Run a script, then check the log on the agent host:

sudo ced run <agent> env-dump
sudo journalctl -t ctrl-exec-auth --since "1 minute ago"

Pass: Log entry appears for the run request. Changing exit 0 to exit 1 causes all subsequent requests to return a permission error.
Fail: No log entry. Check auth_hook path in agent.conf and that the hook is executable.

5. Allowlist SIGHUP Reload

Confirms the agent reloads scripts.conf on SIGHUP without restarting, and that newly added entries take effect immediately.

# Add a new entry to scripts.conf on the agent
echo "reload-test = /opt/ctrl-exec-scripts/env-dump.sh" \
    >> /etc/ctrl-exec-agent/scripts.conf

# Reload without restart
systemctl reload ctrl-exec-agent   # or: /etc/init.d/ctrl-exec-agent reload

# Attempt to run the new entry from the dispatcher
sudo ced run <agent> reload-test

Pass: The script runs successfully without restarting the agent.
Fail: Request is rejected as not permitted. Check that SIGHUP is delivered (ExecReload=/bin/kill -HUP $MAINPID in the unit file) and that the new entry is syntactically correct in scripts.conf.

6. Rate Limit Block and Recovery

Confirms the volume rate limiter blocks a source IP after exceeding the threshold and that the block expires correctly. The unit test (t/rate-limit.t) covers the logic; this check verifies end-to-end behaviour on a live agent.

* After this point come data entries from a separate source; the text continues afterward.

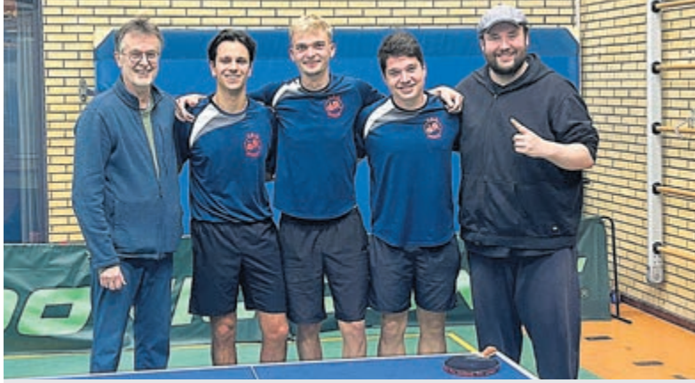
VDO Team 1. Foto is aangeleverd.
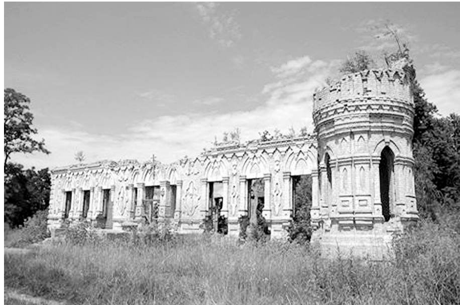
Руїни маєтку графського роду Osten-Sakenів у селищі Немішаєве. Фото з соціальної мережі.

Покажуть виставу «АТО: інтерв'ю військового психолога» режисера Андрія Май-Малахова херсонського Центру імені Всеволода Мейрхоляда. Вона
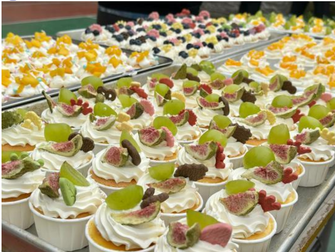
图40:23级烹饪专业学生承接毕业班毕业团建聚餐
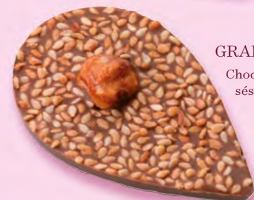
GRAINE DE JULIETTE Chocolat au lait 35% de cacao, sésame, noisette caramélisée
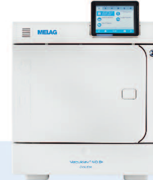
Vacuklav® 40 B+ Evolution Der Autoklav
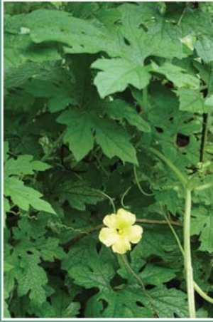
(၁၃) ကြက်ဟင်းခါးရွက်

Not suitable for automated suite runs — it requires deliberately triggering and waiting out a 5-minute block.

# Fire 11 rapid pings from the dispatcher to one agent
for i in $(seq 1 11); do sudo ced ping <agent>; done

# The 11th should fail or return an error
# Check the agent log for the rate-block entry
sudo journalctl -u ctrl-exec-agent --since "1 minute ago" | grep rate-block

Pass: ACTION=rate-block PEER=<dispatcher-ip> REASON=volume appears in the log. Subsequent pings fail with no response from child for approximately 5 minutes, then recover automatically.
Fail: No block occurs. Check rate_limit_disable is not set in agent.conf on a production agent.
Note: Set rate_limit_disable = 1 in agent.conf before running the integration test suite, and remove it when done.

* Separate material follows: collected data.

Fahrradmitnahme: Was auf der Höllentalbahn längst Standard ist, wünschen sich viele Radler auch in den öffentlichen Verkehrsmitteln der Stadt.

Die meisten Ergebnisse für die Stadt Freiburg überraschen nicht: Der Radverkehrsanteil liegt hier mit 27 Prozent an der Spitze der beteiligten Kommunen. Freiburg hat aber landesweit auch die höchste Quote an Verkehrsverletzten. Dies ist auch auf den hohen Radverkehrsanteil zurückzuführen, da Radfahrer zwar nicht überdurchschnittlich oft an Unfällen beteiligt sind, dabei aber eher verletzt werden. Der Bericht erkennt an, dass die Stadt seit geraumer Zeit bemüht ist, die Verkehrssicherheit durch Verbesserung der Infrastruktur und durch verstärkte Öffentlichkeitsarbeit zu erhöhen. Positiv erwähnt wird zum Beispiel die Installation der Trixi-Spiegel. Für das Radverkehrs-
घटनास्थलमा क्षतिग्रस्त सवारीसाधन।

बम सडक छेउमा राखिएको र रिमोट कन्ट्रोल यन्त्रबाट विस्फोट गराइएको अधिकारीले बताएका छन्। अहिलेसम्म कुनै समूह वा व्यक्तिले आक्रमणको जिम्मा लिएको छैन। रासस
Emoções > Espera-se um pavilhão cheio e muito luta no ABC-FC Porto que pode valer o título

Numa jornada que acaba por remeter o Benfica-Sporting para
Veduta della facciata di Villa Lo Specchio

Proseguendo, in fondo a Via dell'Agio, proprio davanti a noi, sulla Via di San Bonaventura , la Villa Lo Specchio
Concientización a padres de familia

7. Pairing Flow — Fresh Agent

Confirms the full pairing sequence works end-to-end: agent submits CSR, dispatcher displays the pairing code, operator approves, agent stores certs.

Run on a host that has not previously been paired, or after clearing /etc/ctrl-exec-agent/agent.{key,crt}:

# On the agent host
sudo ctrl-exec-agent request-pairing --dispatcher <dispatcher-host>

# On the dispatcher host (in a separate terminal)
sudo ced list-requests
# Verify the hostname, source IP, and 6-digit pairing code match
# what the agent displayed, then approve:
sudo ced approve <agent-hostname>

# Confirm the agent accepted the cert
sudo ced ping <agent-hostname>

Pass: ACTION=pair-complete appears in the agent log. ced ping returns ok.
Fail: Pairing code mismatch - reject and investigate. Nonce mismatch - check for clock skew or concurrent pairing requests. Writability failure - check /etc/ctrl-exec-agent permissions.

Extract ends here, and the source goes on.